Chicago teachers themselves will say it: nobody wanted to go on strike.  But today, after ten months of fruitless efforts to negotiate a fair contract, the city’s classrooms are empty and educators are walking picket lines for the first time in 25 years.  At first glance, the strike looks like a negative outcome for everyone involved. Yet this morning a CNN.com opinion article makes a surprising case: the nation would actually be better off with more strikes.

That’s right: according to Chris Rhomberg, professor of Sociology at Fordham University, America would benefit from more disruptions of business and public services, more inconvenience, more striking workers sacrificing pay and worrying about their jobs, more rounds of tense negotiations.

And the strange truth is, he’s right. America would benefit from more strikes.

Rhomberg documents the declining number of work stoppages in America. During the 1970s, he points out, there were 289 major work stoppages a year, while in 2009 there were no more than five.  The decline in strikes has outpaced the decline in union membership numbers itself. And the waning of workers’ ultimate negotiating tool is one reason why American unions are losing power, contributing to growing inequality and -- I have argued – the decline of the American middle class.

Consider the history. The 1935 National Labor Relations Act is the bedrock of American employees’ rights to representation in the workplace. After decades of often violent labor conflict fought to emerge from subsistence wages and sweatshop conditions, the NLRA established a legal process for workers to form unions and negotiate contracts. Rhomberg notes that “the strike was a crucial part of this system: while the law was intended to reduce industrial strife, it also relied on the right to strike to protect the integrity of the bargaining process. The prospect of economic sanctions served to push both employers and employees to compromise and negotiate their way toward a peaceful agreement.”

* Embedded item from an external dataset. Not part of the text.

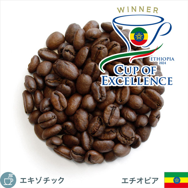 最高の中の最高のコーヒーを選ぶ「カップ・オブ・エクセレンス 2024 エチオピア」に見事に選ばれたコーヒーが届きました! 明るくジューシーな酸味、上品なコクと甘さ、そして芳醇な後味が特長の入賞ロット「アザレチ ナチュラル」です。
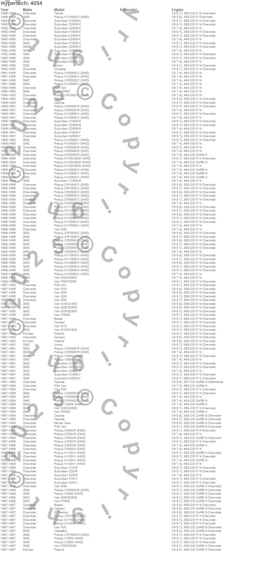Blazer, C1500, C1500 Pickup, C1500 Suburban, C2500 Pickup, C2500 Suburban, C3500 Pickup, Caballero, Camaro, Caprice, El Camino, Firebird, G10 Van, G15/G1500 Van, G20 Van, G25/G2500 Van, G30 Van, G35/G3500 Van, Jimmy, K1500 more…

But over time, a series of decisions by the courts and the National Labor Relations Board robbed the strike of much of its power. The Supreme Court ruled that employers could permanently replace striking workers. Reagan fired striking air traffic controllers, encouraging other employers to take a more hostile position toward unions. Other rulings continued to tip the balance of negotiating power away from working people and toward their employers. And, Rhomberg argues, as labor disputes became harder for unions to win, resorting to a strike made less sense.

As a result, working Americans lost ground. We’ve reached a place where large and highly profitable corporations pay their employees rock-bottom wages with little fear that they will organize and demand more. There are fewer good jobs and the middle class is in decline.

Yet just as political and legal decisions eroded the ability of working Americans to negotiate a fair deal on the job, new decisions could help to rebuild this power. We should rewrite our labor laws to make it easier for employees to form unions, increase penalties for violations of labor law, and facilitate agreement on a first contract. A recent Demos policy brief provides one blueprint for how to do this,  making the case that strengthening workplace rights is critical to rebuilding the middle class.

Chicago teachers don’t want to be on strike. But they do want fair pay, decent working conditions, and better public schools. A strike gives them a fighting chance to achieve them.